* _Task requirements_:
Your answer should hold only the lines from the one with "tailles italiennes *" through the end of the records, repeated exactly and minus any pictures.

* _Dataset records_:
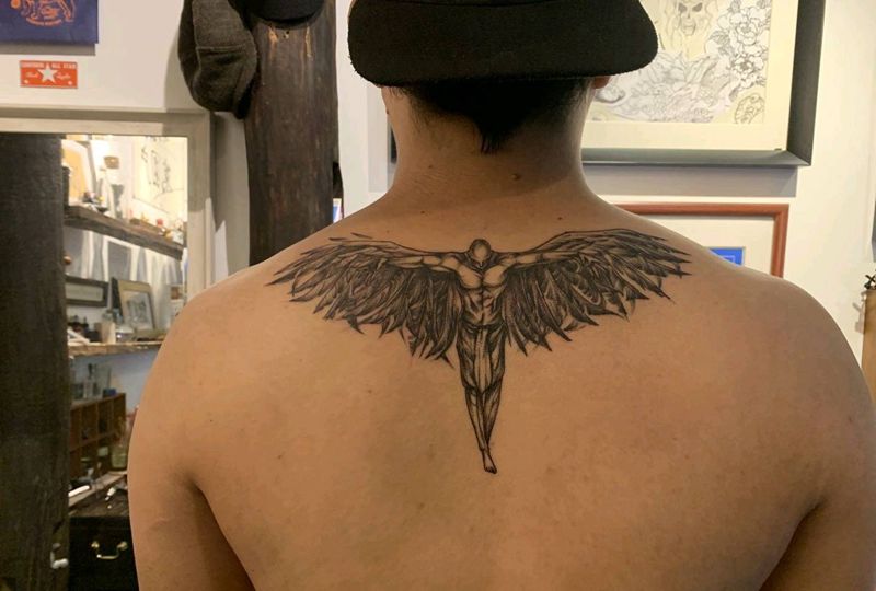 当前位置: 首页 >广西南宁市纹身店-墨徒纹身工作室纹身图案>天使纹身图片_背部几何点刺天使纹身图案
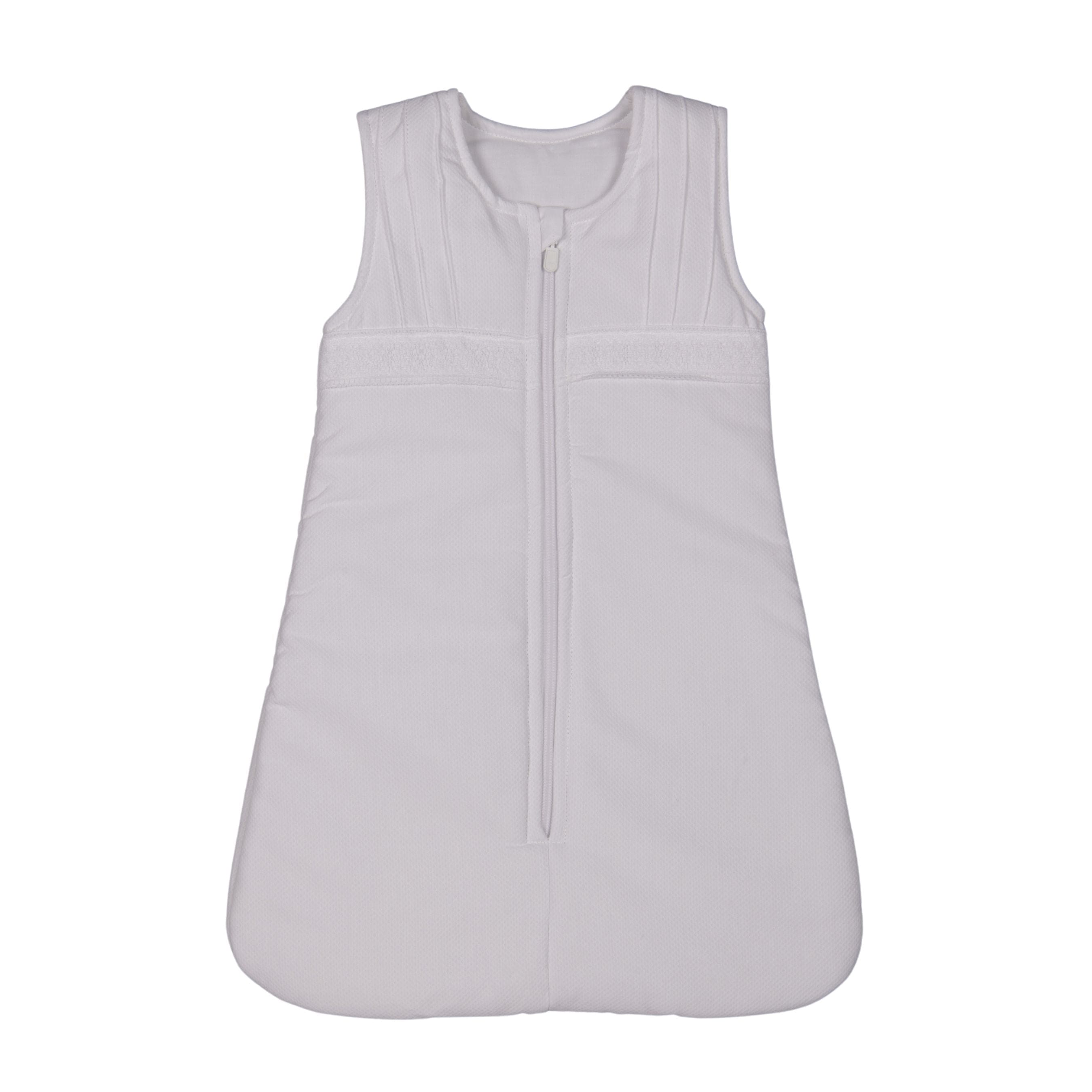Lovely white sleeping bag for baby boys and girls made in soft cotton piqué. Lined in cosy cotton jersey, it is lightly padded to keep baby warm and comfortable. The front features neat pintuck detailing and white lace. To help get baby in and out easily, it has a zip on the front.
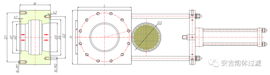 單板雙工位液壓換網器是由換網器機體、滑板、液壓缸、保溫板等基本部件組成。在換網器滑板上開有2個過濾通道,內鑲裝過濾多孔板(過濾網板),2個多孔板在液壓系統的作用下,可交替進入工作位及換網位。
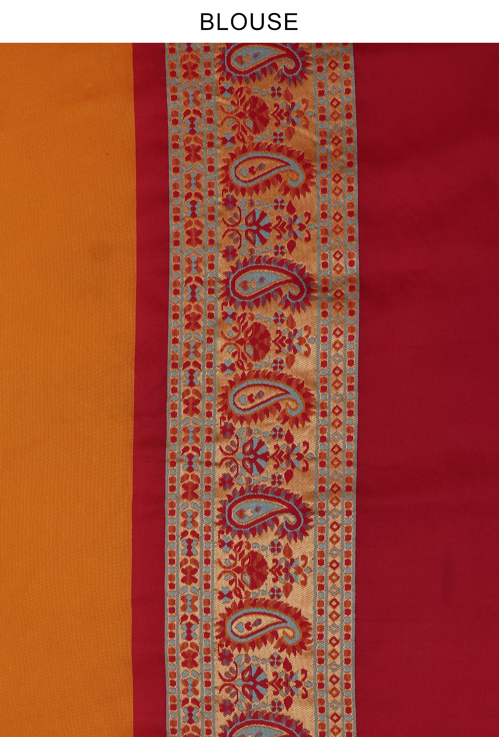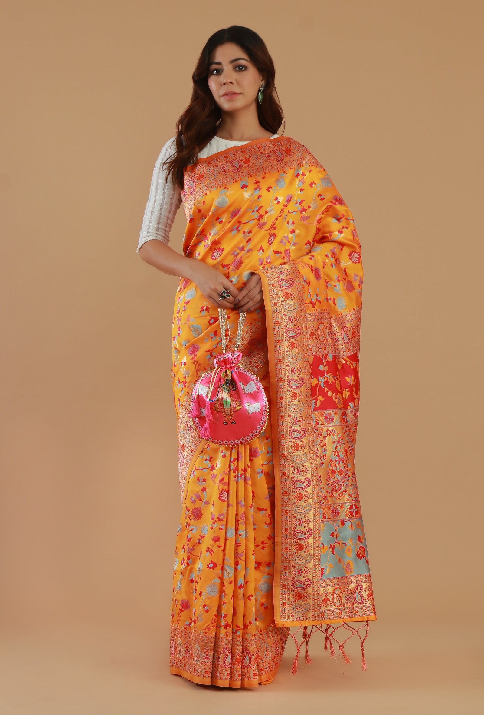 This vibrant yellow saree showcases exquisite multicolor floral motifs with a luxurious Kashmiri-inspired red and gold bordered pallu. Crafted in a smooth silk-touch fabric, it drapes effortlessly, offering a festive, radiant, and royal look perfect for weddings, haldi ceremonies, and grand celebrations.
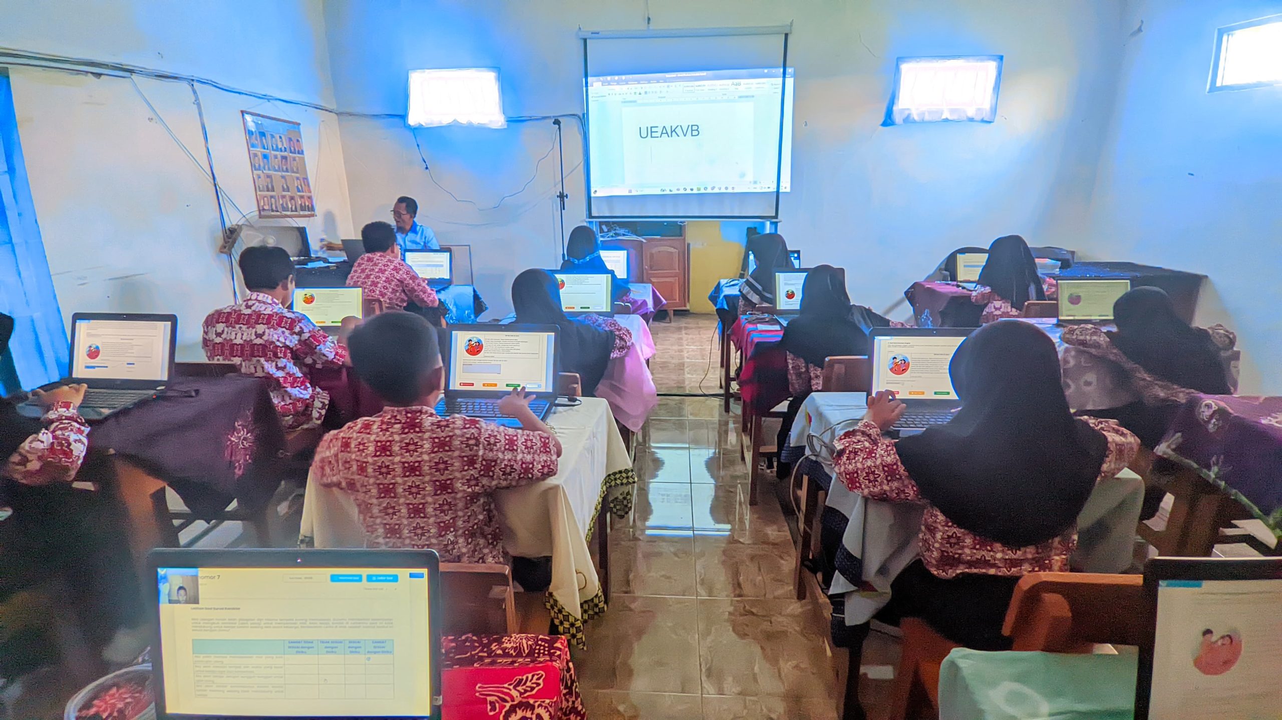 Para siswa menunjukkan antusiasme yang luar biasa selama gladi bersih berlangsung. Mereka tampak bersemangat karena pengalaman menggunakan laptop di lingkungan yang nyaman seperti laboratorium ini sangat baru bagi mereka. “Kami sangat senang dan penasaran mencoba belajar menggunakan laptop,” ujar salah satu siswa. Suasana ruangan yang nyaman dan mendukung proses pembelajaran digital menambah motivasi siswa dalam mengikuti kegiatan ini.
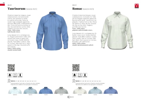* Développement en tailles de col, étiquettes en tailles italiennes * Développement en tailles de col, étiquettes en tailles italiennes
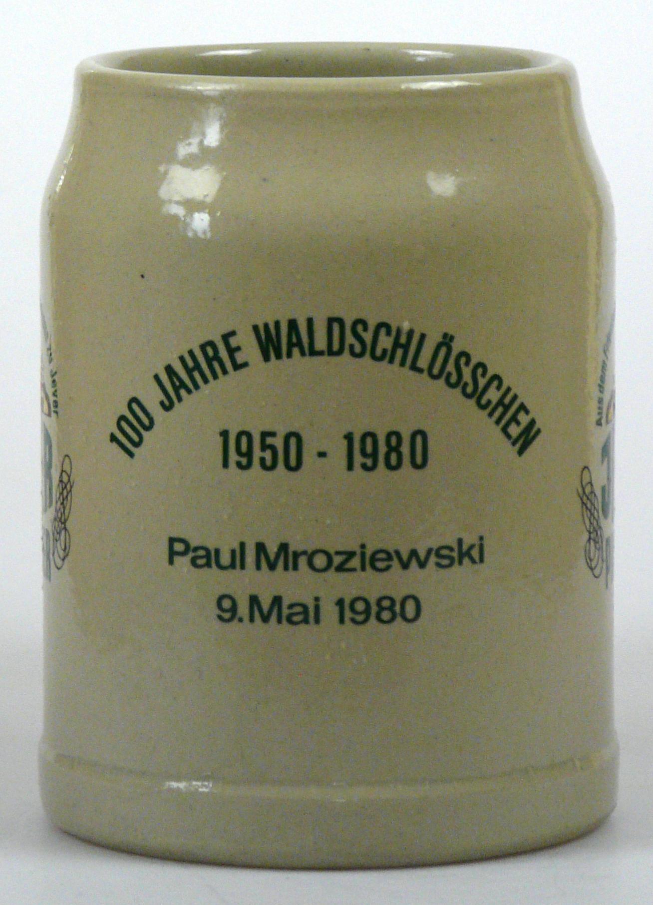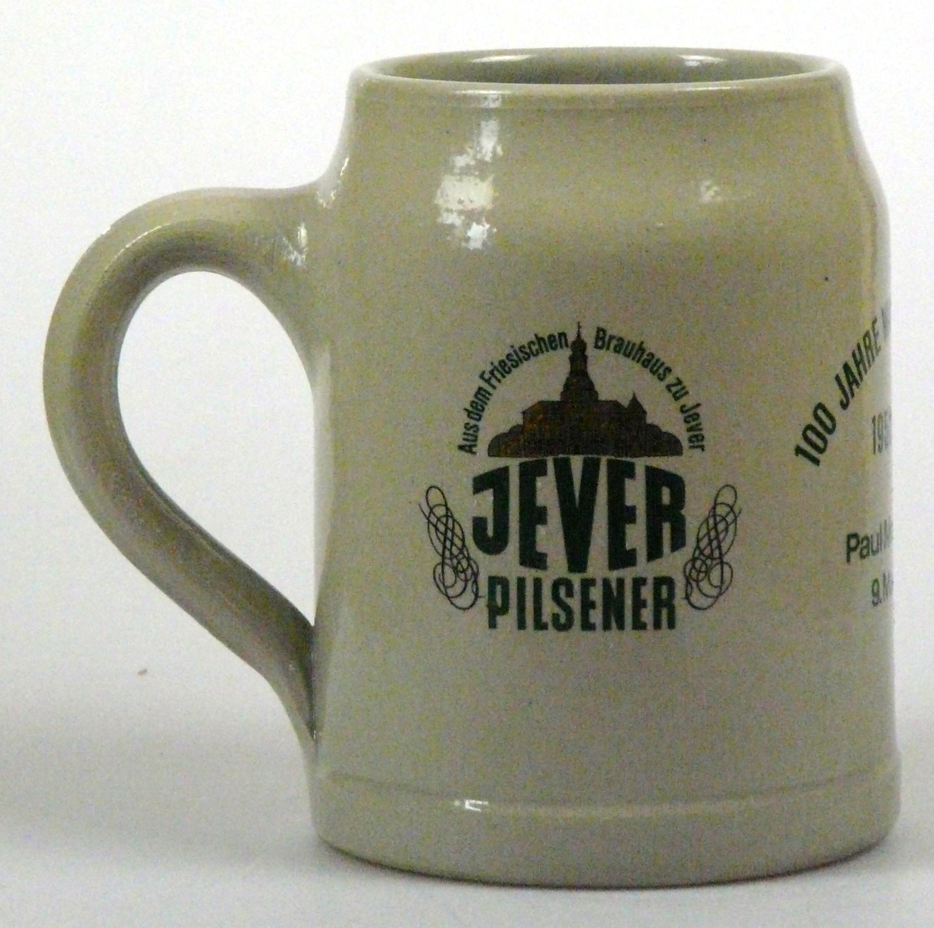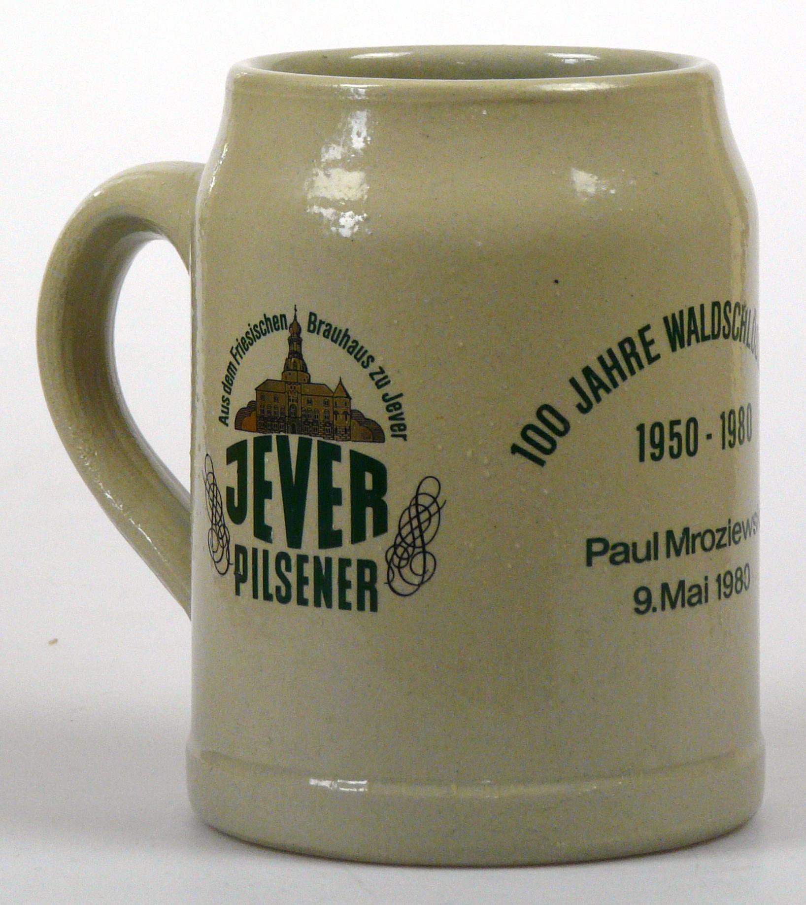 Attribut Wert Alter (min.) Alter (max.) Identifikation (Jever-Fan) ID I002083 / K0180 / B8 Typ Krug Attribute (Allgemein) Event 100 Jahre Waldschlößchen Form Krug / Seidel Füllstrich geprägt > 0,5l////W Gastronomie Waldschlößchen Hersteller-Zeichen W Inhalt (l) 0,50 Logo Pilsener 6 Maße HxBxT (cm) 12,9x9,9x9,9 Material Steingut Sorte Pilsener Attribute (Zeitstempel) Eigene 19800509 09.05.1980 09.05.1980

* _Result of this task_:
* Développement en tailles de col, étiquettes en tailles italiennes * Développement en tailles de col, étiquettes en tailles italiennes
 Attribut Wert Alter (min.) Alter (max.) Identifikation (Jever-Fan) ID I002083 / K0180 / B8 Typ Krug Attribute (Allgemein) Event 100 Jahre Waldschlößchen Form Krug / Seidel Füllstrich geprägt > 0,5l////W Gastronomie Waldschlößchen Hersteller-Zeichen W Inhalt (l) 0,50 Logo Pilsener 6 Maße HxBxT (cm) 12,9x9,9x9,9 Material Steingut Sorte Pilsener Attribute (Zeitstempel) Eigene 19800509 09.05.1980 09.05.1980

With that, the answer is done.